Pantelleria really remains in our memory as one of the greatest places we ever been since now, where you feel detached from the rest of the world, where nature provides so much richness, from the green covered volcanic hills, planted with grapes, to the open bays with warm thermals from this naturally volcanic island.
The first time we stayed for a week in a dammuso (typical house of the isle) not far from the main village. Not worth renting a car, better a moped due to the roads, to reach the best spots most of them are small off roads. I will never forget the answer of an old man when we were in desperate search of a petrol station to refuel our empty moped while being on the wrong side of the island, he replied "don't worry the road is going down now" the only thing was we didn't know how far we still had to go to get to the only petrol pump, but that comment gave us the idea how relaxing the place was.
Everyday we would go out and discover new corners of the isle, we really fell in love with the island and each other. There are the ancient dammusi, or the perfectly conceived giardino pantesco, a real house built just to protect citrus trees from the strength of winter sea winds, creating a little oasis of peace from the constant sea breeze's on the isle of winds.

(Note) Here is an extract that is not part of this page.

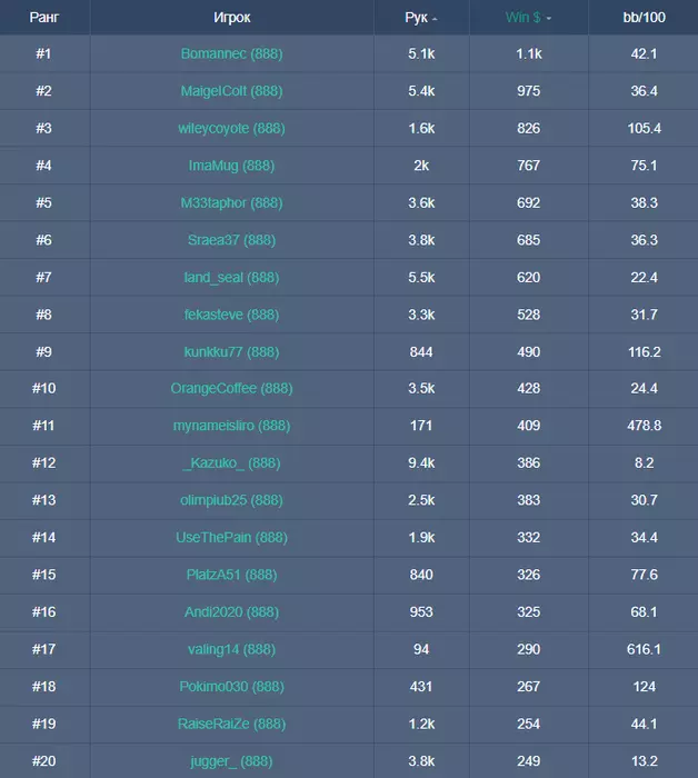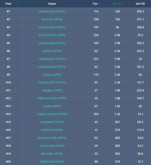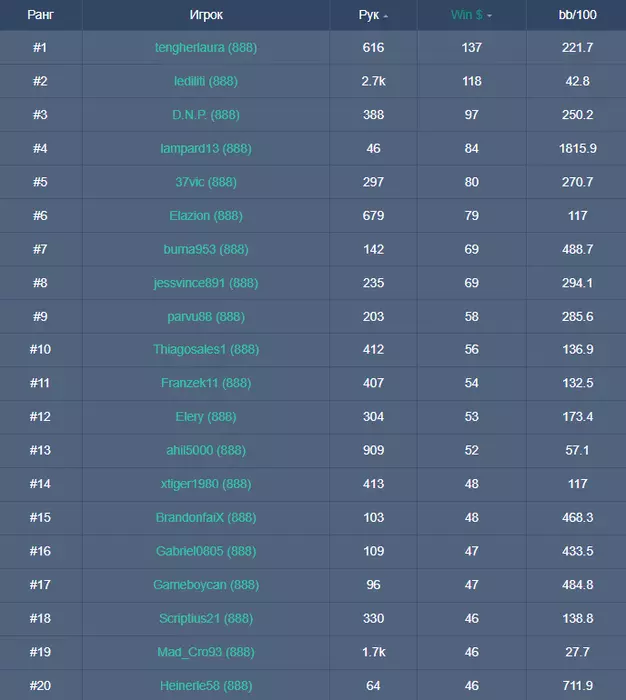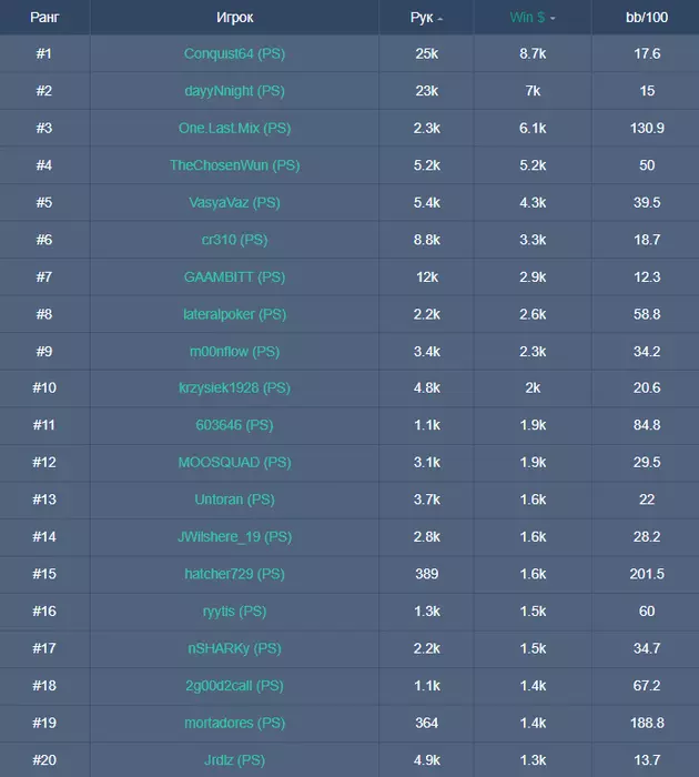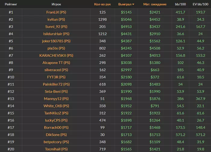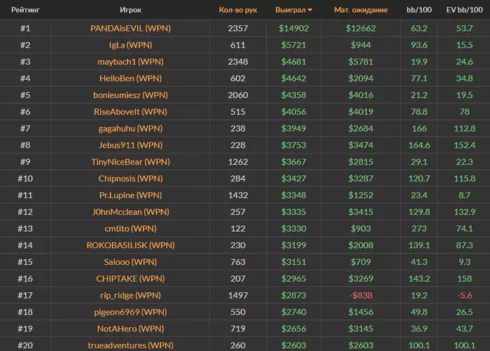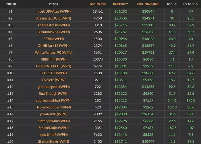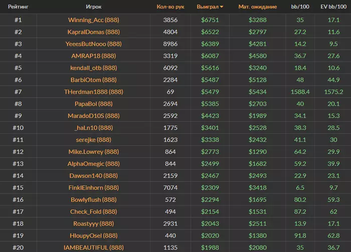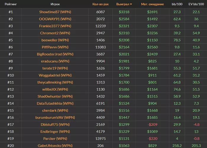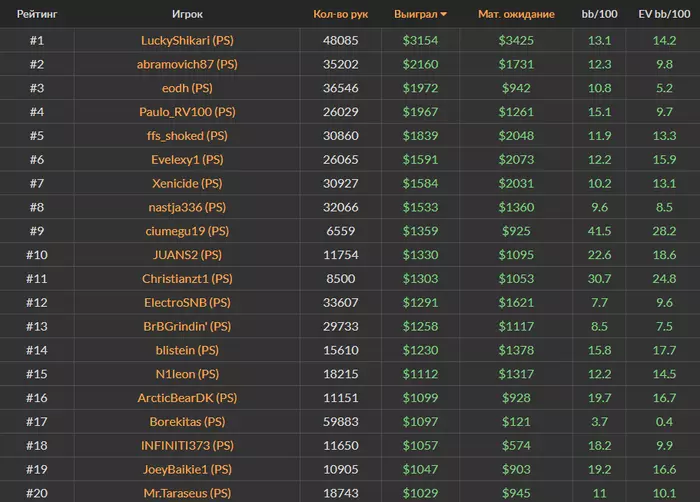 так мало рук на ПокерОК у топ виннеров за месяц?оО

Only the other day and ten years later we opened a bottle of Moscato di Pantelleria that we brought back with us. After many years we tasted the same rich, sweet and dense flavors that struck us when we tasted it first in one of the very good restaurants we found on the island.
And that wine brought back to mind the work of hardworking men who cultivate the vineyard creating small crates around each plant, which is no more than the size of a small bush, and work every day to produce wines as valuable as what we drank after so many years but which preserves aroma and flavor of the sun in Pantelleria.